* **RECORDS FOR THE EXERCISE**
• • • • • • •
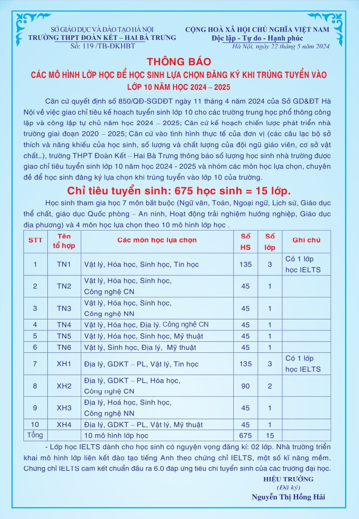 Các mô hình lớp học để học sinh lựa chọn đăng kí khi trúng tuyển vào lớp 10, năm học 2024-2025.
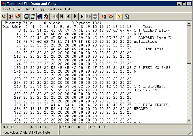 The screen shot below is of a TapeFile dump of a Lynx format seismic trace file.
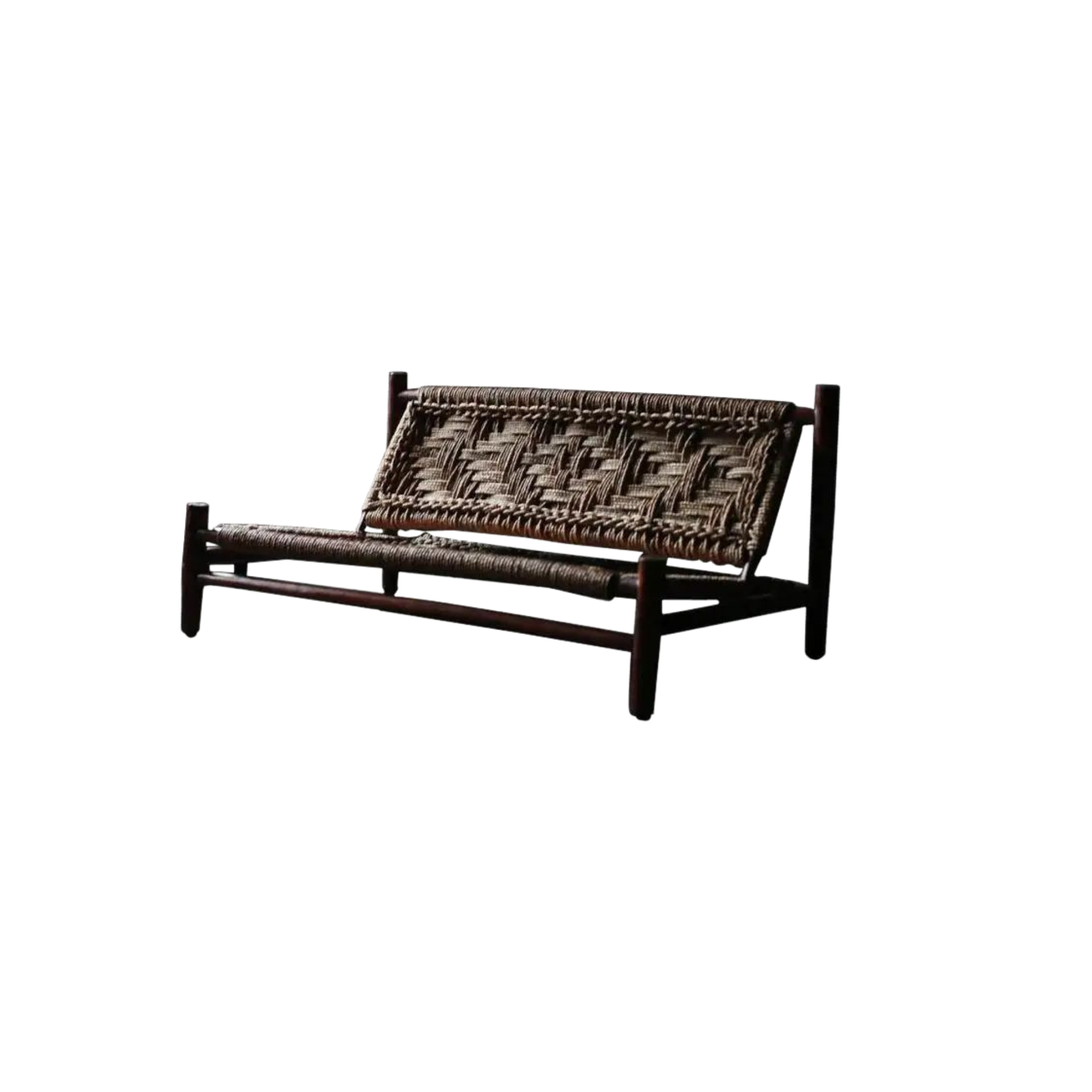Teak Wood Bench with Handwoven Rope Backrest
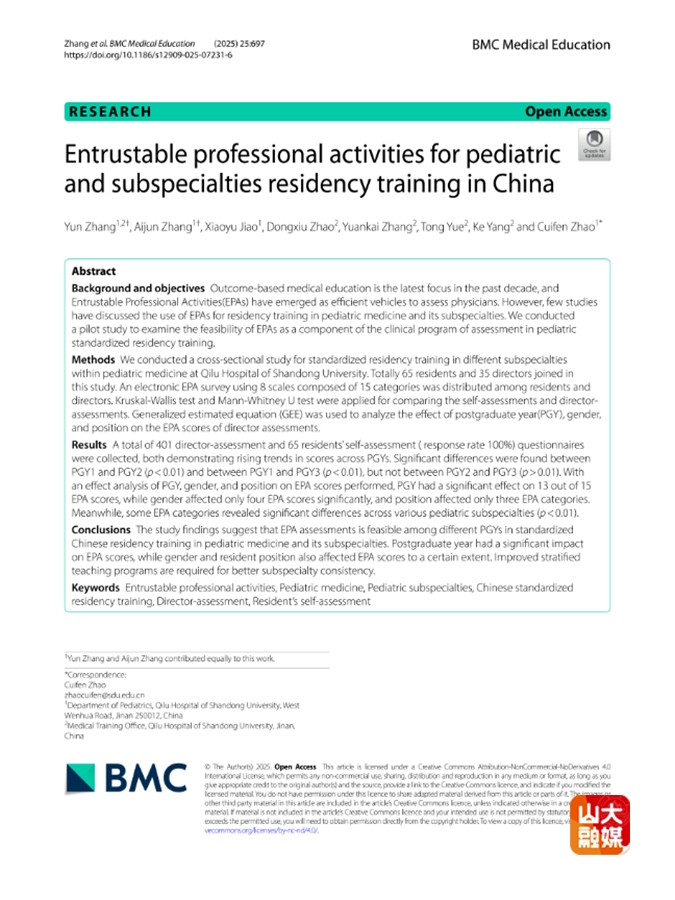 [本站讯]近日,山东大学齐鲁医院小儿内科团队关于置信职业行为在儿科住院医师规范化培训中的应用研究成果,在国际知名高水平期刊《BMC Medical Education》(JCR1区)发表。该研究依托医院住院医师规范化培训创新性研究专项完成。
• • • • • • •
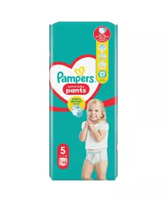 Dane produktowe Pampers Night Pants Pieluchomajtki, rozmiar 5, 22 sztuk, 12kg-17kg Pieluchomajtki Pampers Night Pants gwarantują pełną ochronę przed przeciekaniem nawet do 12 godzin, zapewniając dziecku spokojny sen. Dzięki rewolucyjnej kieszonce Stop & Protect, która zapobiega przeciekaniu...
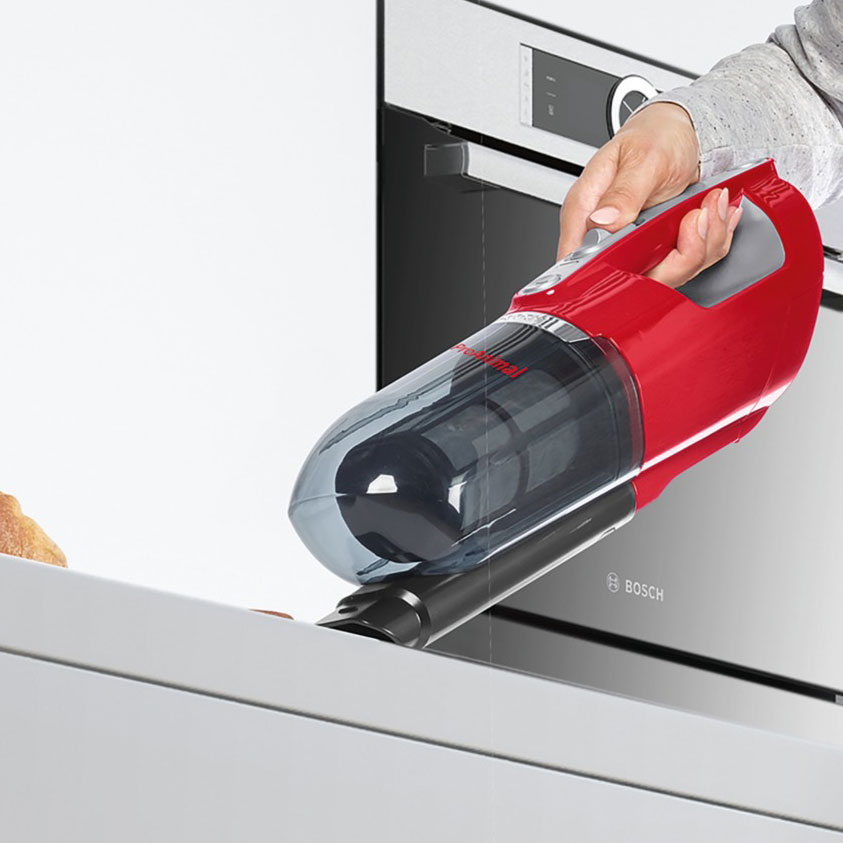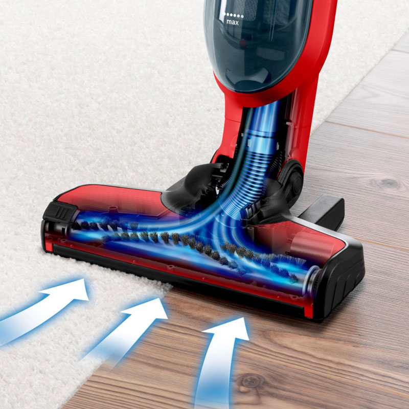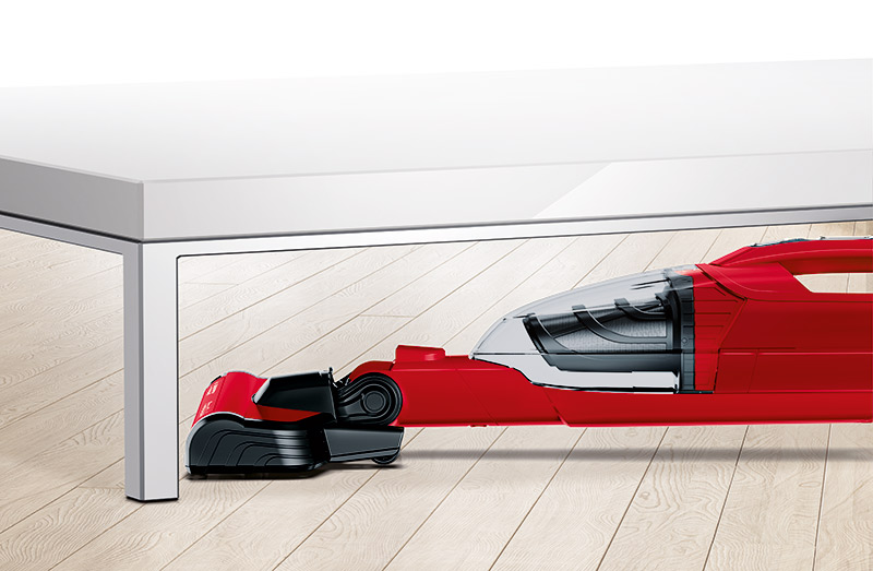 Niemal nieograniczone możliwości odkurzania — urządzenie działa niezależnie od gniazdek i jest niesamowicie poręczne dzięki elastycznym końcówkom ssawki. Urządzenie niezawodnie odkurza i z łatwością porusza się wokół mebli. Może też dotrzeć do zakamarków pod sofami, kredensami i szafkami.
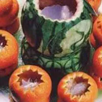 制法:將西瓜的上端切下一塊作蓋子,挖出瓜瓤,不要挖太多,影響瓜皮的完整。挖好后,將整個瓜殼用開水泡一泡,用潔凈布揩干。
• • • • • • •
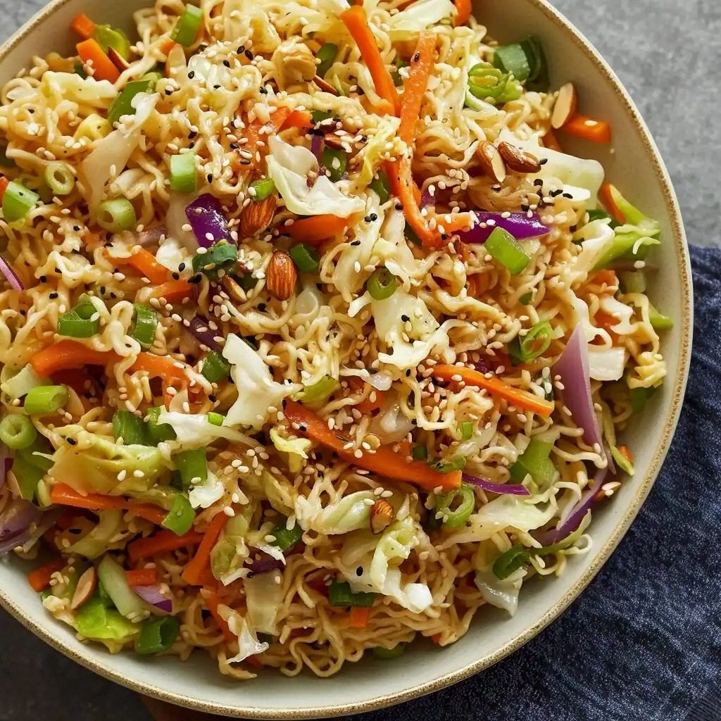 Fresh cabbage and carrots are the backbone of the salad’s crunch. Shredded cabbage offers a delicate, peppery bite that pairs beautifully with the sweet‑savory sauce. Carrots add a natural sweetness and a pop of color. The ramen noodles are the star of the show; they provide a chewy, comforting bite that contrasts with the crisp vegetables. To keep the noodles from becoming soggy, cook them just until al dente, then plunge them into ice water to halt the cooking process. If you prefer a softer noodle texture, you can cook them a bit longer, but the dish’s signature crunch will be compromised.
• • • • • • •
* **ABOUT THIS TASK**
Each line above from the one containing "Niemal nieograniczone możliwości" through the one containing "制法:將西瓜的上端切下一塊作" is to be returned verbatim. Nothing else, and no pictures.

* **RESULT OF THE TASK**
 Niemal nieograniczone możliwości odkurzania — urządzenie działa niezależnie od gniazdek i jest niesamowicie poręczne dzięki elastycznym końcówkom ssawki. Urządzenie niezawodnie odkurza i z łatwością porusza się wokół mebli. Może też dotrzeć do zakamarków pod sofami, kredensami i szafkami.
 制法:將西瓜的上端切下一塊作蓋子,挖出瓜瓤,不要挖太多,影響瓜皮的完整。挖好后,將整個瓜殼用開水泡一泡,用潔凈布揩干。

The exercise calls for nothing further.